The antibody studies by Dewji et al. [19,20] have the most conflicts with our model. They propose a seven-TM topology model with the N-terminus and the long loop between HRVII and HRVIII located in the extracytosolic space, and consequently the C-terminus in the cytosol. The localization of the N-terminus and the long loop not only conflicts with our model, but also with all other experimental studies. The proposition by Dewji et al.  that PSs are G protein-coupled receptors (GPCRs) and have a seven-TM topology with an extracytosolic N-terminus is unlikely due to several reasons. First, there are eight very hydrophobic regions in the PS sequence (HRI–VI and HRIX–X). Second, the N-terminus is probably located in the cytosol as shown by four experimental studies [18,21–24] and our analysis. Third, the PSs do not exhibit topological characteristics commonly found in different subfamilies of known GPCRs. For example, loop six (extracytosolic loop three) in the Dewji et al. model is very long (approximately 140 residues), which has not been found in GPCRs . Also, the first cytosolic loop is longer than those usually found in GPCRs.
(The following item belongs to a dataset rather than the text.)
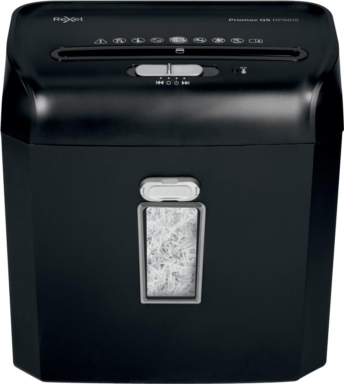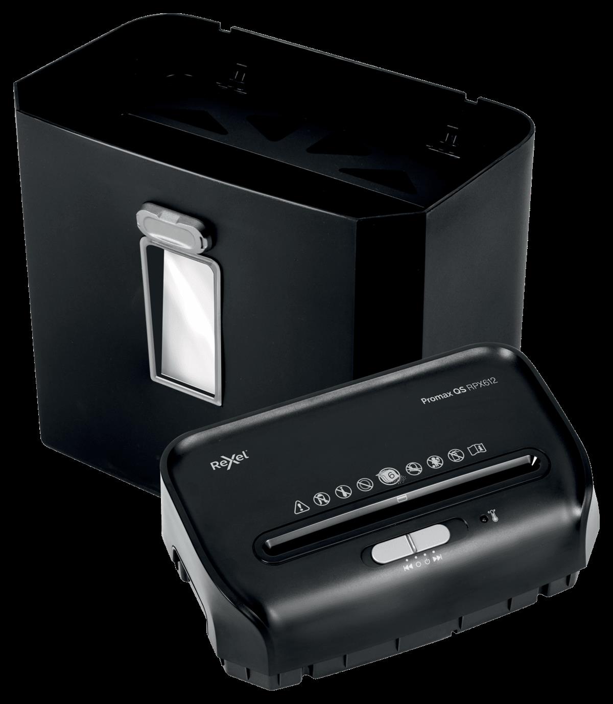 Rexel Aktenvernichter ProMax RPX612 Der Aktenvernichter ProMax RPX612 zerkleinert bis zu 6 Seiten (80 g/m²) in einem Durchgang in 4 x 40 mm kleine Partikel (Sicherheitsstufe P-4). Sein kompakter 12-Liter-Abfallbehälter ...

In summary, we propose a novel nine-TM topology for the PSs with the C-terminus located in the extracytosolic space (Fig. 2B). The nine TM regions correspond to HRI–VI and HRVIII–X. The putative active site aspartate residues are located in TM regions six and seven in our model. It is impossible to decide on a single topology model that agrees with all published experimental data on PSs. Determining their topology is critical for understanding their normal and pathogenic functions. However, the ultimate solution to the topology of PSs can only be achieved through atomic resolution studies of the whole γ-secretase complex. Meanwhile, we offer an alternative topology model of PSs, reconciling the previously published experimental data with results from our topology prediction analysis.
The PS sequences in the full alignment from the Pfam database, version 16.0, were analyzed, excluding sequence fragments. Membrane topology for each sequence was predicted with five different methods, and the sfinx tool  (http://sfinx.cgb.ki.se/) was used to display the results. The predictors were Phobius , tmhmm2.0 , PHDhtm , hmmtop2.1  and memsat. In addition, a Kyte–Doolittle hydrophobicity curve  was constructed for each PS sequence. phobius also predicts N-terminal signal peptides. Each program was used with default settings. The sequences were also analyzed using phobius constrained predictions with the two putative active site aspartate residues constrained to be in TM segments.
This work was supported by a grant from the Swedish Knowledge Foundation and Pfizer Corporation to A.H., and L.K., and by grants from Pfizer Corporation to E.S.